Hi Everyone!!
Background: I got a unique single cell dataset produced in house, where there is low number of genes expressed (initial stage of developmental cycle). We have control and drug treatment scRNASeq samples and post differential expression analysis, I wish to perform GO-Term analysis. However, I am confused about how to create an appropriate background (Universe Gene-set) and an appropriate methodology to carry out GO Term analysis
Method 1 for Background creation
Find genes which are expressed even in 1 cell in both control and treatment and then take union of Gene IDs.
Method 2 for Background creation
Find genes which are expressed in either 10% of cells in Control or 10% of cells in treatment. For this I am trying to calculate proportion of cells expressing each gene in each sample i.e. in ctrl and treatment separately using this function:
per.gene.per.sample.pct <- function(sobj,sample_col){
## Making the table summarising number of cells in each sample
i=sobj@meta.data %>% plyr::count(sample_col)

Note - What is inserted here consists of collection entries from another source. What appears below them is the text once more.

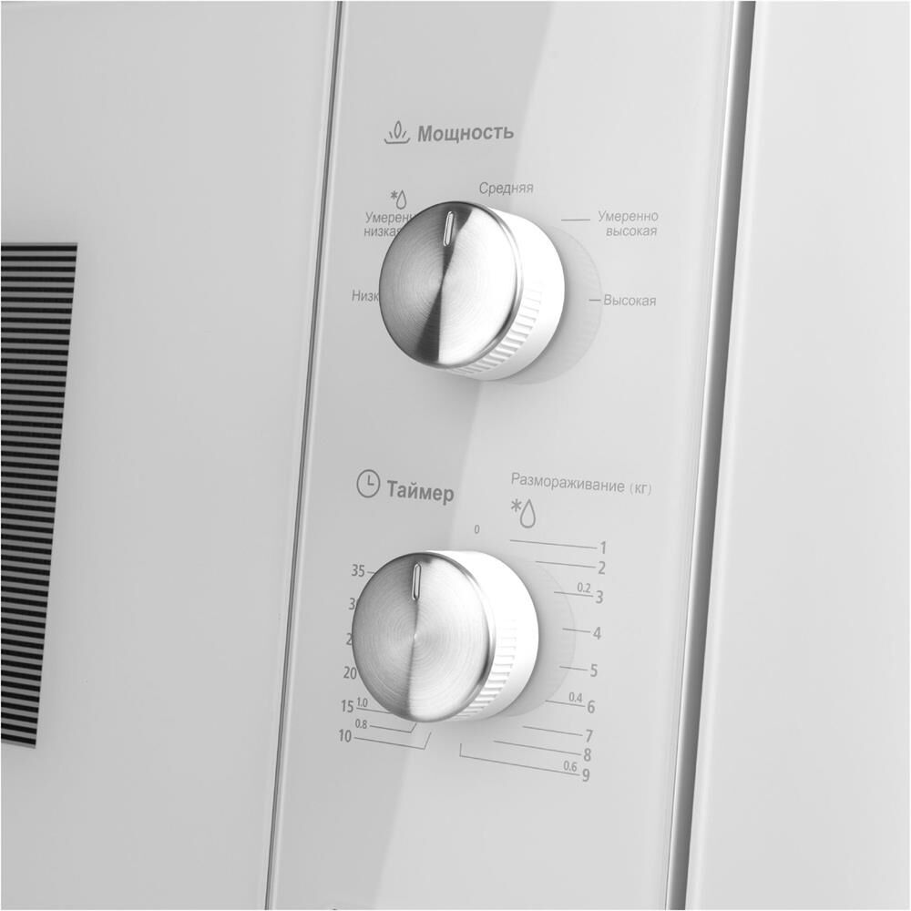 Объем: 20. Мощность микроволн: 800. Тип управления: механическое. Открывание дверцы: кнопка. Направление открытия дверцы: справа-налево. Внутреннее покрытие камеры: нержавеющая сталь. Диаметр поворотного стола: 245. Цвет корпуса: белый. Вес (нетто): 14.5. Габариты упаковки (ед) ДхШхВ: 0.66x0.39x0.441. Вес упаковки (ед): 20. Страна производства: Китай. Внутреннее освещение: есть. Количество ступеней регулировки мощности: 5. Таймер на отключение, макс. время: 35. Язык панели управления: русский. Гарантия: 36 мес.. Размеры (ШхВхГ): 59.5 х 38.8 х 34.4 см. Размеры ниши (ШхВхГ): 56 х 38 х 34 см. Комплектация: комплект для установки. Дополнительные режимы: размораживание по весу. Особенности управления: регулировка мощности. Режимы: автоматическая разморозка, соло. Мощность: 800 Вт. Режимы: автоматическая разморозка, соло, размораживание по весу. Объем: 20 л, покрытие нержавеющая сталь. Тип управления: механическое, открывание дверцы: кнопка. Размеры (ШхВхГ): 59.5 х 38.8 х 34.4 см
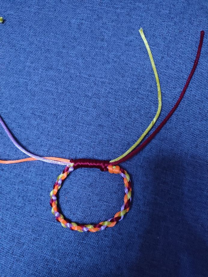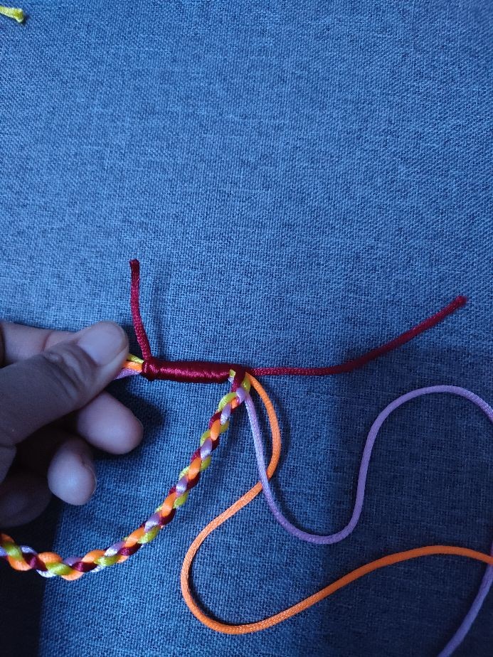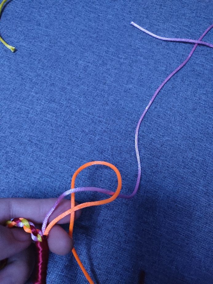 第三步:将红黄两根线自上而下压住粉橙两根线形成交叉,再将粉橙两根线自上而下压住红黄两根线形成交叉,依次类推。
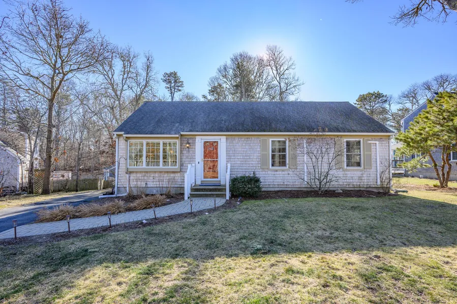 Charming ranch nestled in a delightful cul-de-sac neighborhood, perfect for year-round living or a seasonal getaway. Designed for easy one-floor living, this home features an open living and dining area leading to a deck for outdoor dining, an updated white cabinetry kitchen, a primary bedroom with a private bath, two guest rooms, a guest bath, and first-floor laundry. Many previous improvements include updated windows, while recent upgrades feature a new hot water heater and efficient heat pumps to keep you cool during Cape Cod summers and warm in the winter. Outdoor living shines with a new patio and fire pit-ideal for al fresco dining, toasting marshmallows, or quiet relaxation. The basement offers ample storage or potential expansion, while the outdoor shower and shed are perfect for stowing beach gear and bikes for quick rides to the nearby Cape Cod Rail Trail. Conveniently located ...
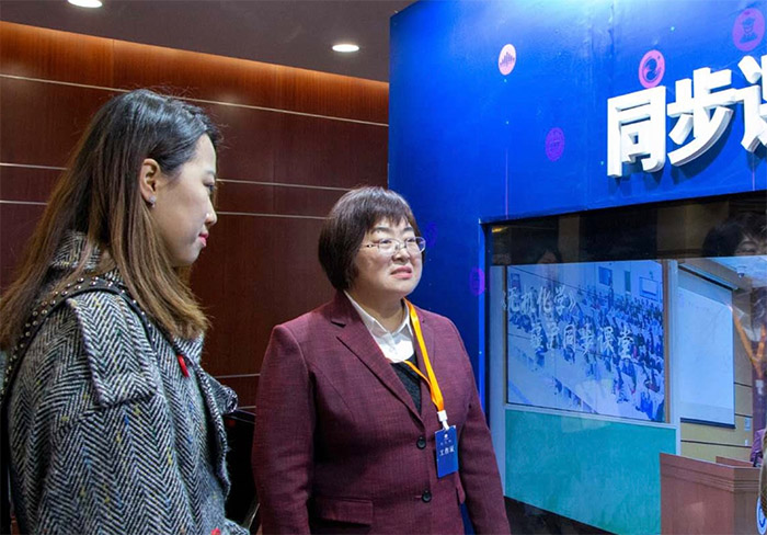 在9日举行的中国慕课大会上,华东理工大学化学系教授徐志珍在大会教学场景互动区为参会者展示了“慕课西行”在线教学项目。
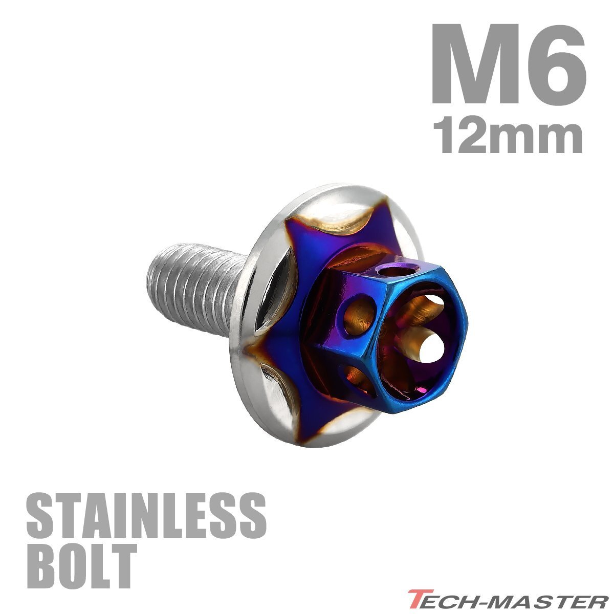 > M6×12mm P1.0 ワイドフランジボルト スターフラワーヘッド ステンレス シルバー×焼きチタンカラー 車 バイク カスタム 1個 TB0996
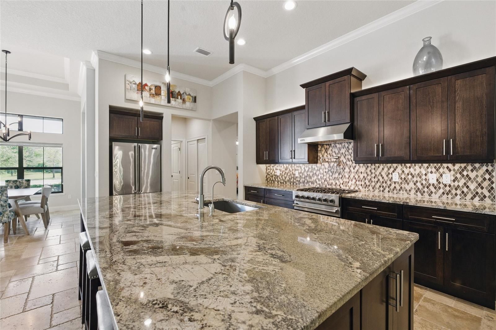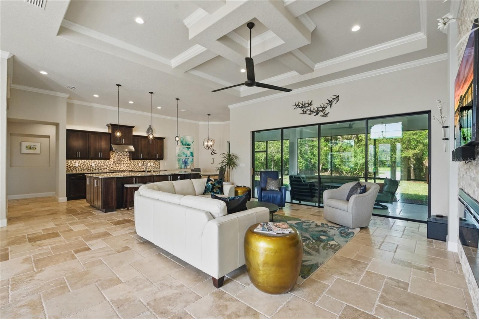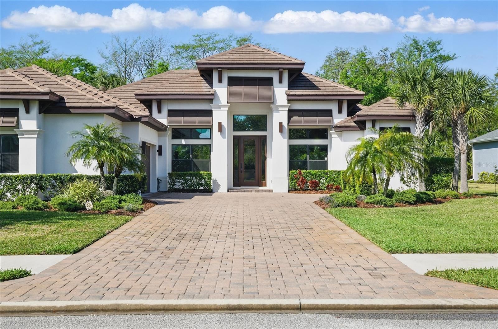 Under contract-accepting backup offers. Welcome to 8 Blue Oak Lane, a stunning residence offering luxury living in the highly sought-after private, gated community of Wild Oaks in Grand Haven. This meticulously designed home spans nearly 2,500 square feet of living space, providing ample room for both relaxation and entertaining. Step inside to discover a spacious, open-concept layout featuring high-end finishes and abundant natural light. The large, chef-inspired kitchen is a highlight of the home, featuring a gas range, a generously sized granite island with plenty of storage, and a perfect flow for cooking and entertaining. Whether you're preparing a gourmet meal or enjoying casual dining, this kitchen is designed to meet all your culinary needs. The oversized lot is beautifully landscaped with mature trees, creating a serene and private atmosphere. Enjoy outdoor living at its finest with a large screened-in back patio that overlooks the lush yard and tranquil creek — perfect for morning coffee, evening gatherings, or simply unwinding in nature. The home offers a versatile floor plan, including a 4th bedroom that serves as an ideal den or office. This room features beautiful glass French doors and a bright window, offering both privacy and elegance. The 3rd bedroom includes an ensuite bathroom with direct access to the back porch, providing a peaceful retreat for guests. The master suite is a true sanctuary, boasting dual walk-in closets and a luxurious ensuite bathroom adorned with exquisite travertine tile. This space exudes sophistication, offering a spa-like experience with a soaking tub, separate shower, and double vanities. HVAC with air scrubber, security system, electric fireplace with heat, instant hot water, hurricane impact garage doors, reverse osmosis system in kitchen, Viking range with pot filler, 14ft soaring ceilings with accent trays, irrigation-reclaimed water, regular pest control, energy efficient hot water heater, and MORE! Schedule a private tour today and see why this exceptional home is the perfect place to call your own.

rname=rownames(sobj[["RNA"]]@counts)
## Calculating the percentage of cells where the gene is expressed
## in each sample
rowsum.exp <- function(x){
rowSums2(sobj[,sobj@meta.data[,sample_col]==i[,1][x]][["RNA"]]@counts>0)/i[,2][x]}
tt <- 1:nrow(i) %>% purrr::map(function(x) rowsum.exp(x))
tt<- t(plyr::ldply(tt))
rownames(tt) <- rname
colnames(tt) <- i[,1]
return(tt)
}
Besides, for GO Term analysis should I combine all Differential genes from all the clusters and then carry out GO term analysis or should I separately carry out GO Term analysis for each cluster.The aim is to find out eventually which pathways got perturbed due to treatment and not the cell types in single cell data.
PS: When I try Method 2 for background creation, It leaves me with very few genes as compared to number of DE genes that I found using Seurat!! I understand this since the DE genes are calculated on per cluster basis and every gene need not be necessarily expressed in every cluster. But then does it mean that I should make separate background geneset based on genes expressed in each cluster?
On the other hand, Method 1 gives me exorbitant number of genes and I think that's not ideal either.